In [None]:
using Base.Threads, ForceSpectroscopyMLE, Plots

println(string("Number of available cores for threading: ", nthreads()))

# Introduction

This is a minimal example on how to apply our framework to a set of rupture forces measured at different pulling velocities.  We assume that the data files are stored in the directory `rupture_forces`.  Each file should be of the form:

In [None]:
example_F = [ 129.0, 134.0, 137.0, 130.0 ] # pN
example_dF = [ 10.0, 15.5, 10.8, 10.3, 8.2 ] # pN/s
example_data = hcat([example_F, example_dF]...)

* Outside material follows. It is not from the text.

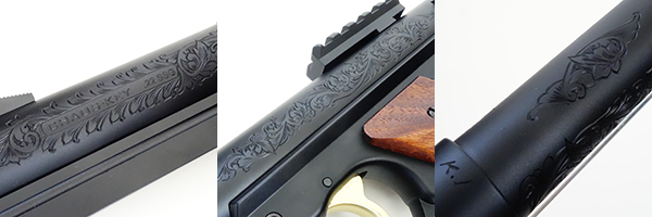 バレルとアッパーフレーム全面にわたって美しいヨーロピアンリーフの彫刻が施されている。この装飾によってこの銃が単なる道具としての銃ではなく、骸骨閣下の専用装備であり特別な意味を持つアイテムであるという一種の「表示」になっている。

This is a minimal example on how to apply our framework to a set of rupture forces measured at different pulling velocities.  We assume that the data files (consisting of columns of rupture forces and associated loading rates, in that order) are stored in the directory `rupture_forces`. Reading in the data goes as follows:

In [None]:
data = read_data("./rupture_forces/")
all_data = vcat(data...);

The analysis depends on the choice of the parameter $\nu \in \{1/2, 2/3, 1 \}$, which we fix below:

In [None]:
const ν = 2/3;

For more details on the theoretical framework, please refer to the associated publication:

> W. Cai, J. T. Bullerjahn, M. Lallemang, K. Kroy, B. N. Balzer, and T. Hugel, "Direction dependence of bond strength and polymer chain elasticity", submitted.

# Data trimming

We now systematically trim the $i = 0, 1, 2, \dots, i_{\text{max}}$ largest rupture forces from each subsample `data[k]` of our data to explore how that effects the parameter estimates.  We then compare the results to the case, where $i$ randomly chosen rupture forces are excluded.  

In [None]:
const i_max = 10
params = data_exclusion([data],ν,i_max)
random_params = random_data_exclusion([data],ν,i_max);

In [None]:
p = plot(params[1,:],hcat([params[2,:],random_params[2,:]]...), 
    legend=:topleft, labels=["trimming from above" "random exclusion of points"], 
    xlabel="percentage of excluded data points", ylabel="βΔG_u")

In [None]:
p = plot(params[1,:],hcat([params[3,:],random_params[3,:]]...), 
    legend=:topleft, labels=["trimming from above" "random exclusion of points"], 
    xlabel="percentage of excluded data points", ylabel="x_u [nm]")

In [None]:
p = plot(params[1,:], hcat([params[4,:],random_params[4,:]]...), 
    yscale=:log10, yticks=[ 10.0^(-i) for i = 1 : 3], yminorticks=true, 
    legend=:bottomleft, labels=["trimming from above" "random exclusion of points"], 
    xlabel="percentage of excluded data points", ylabel="k_0 [1/s]")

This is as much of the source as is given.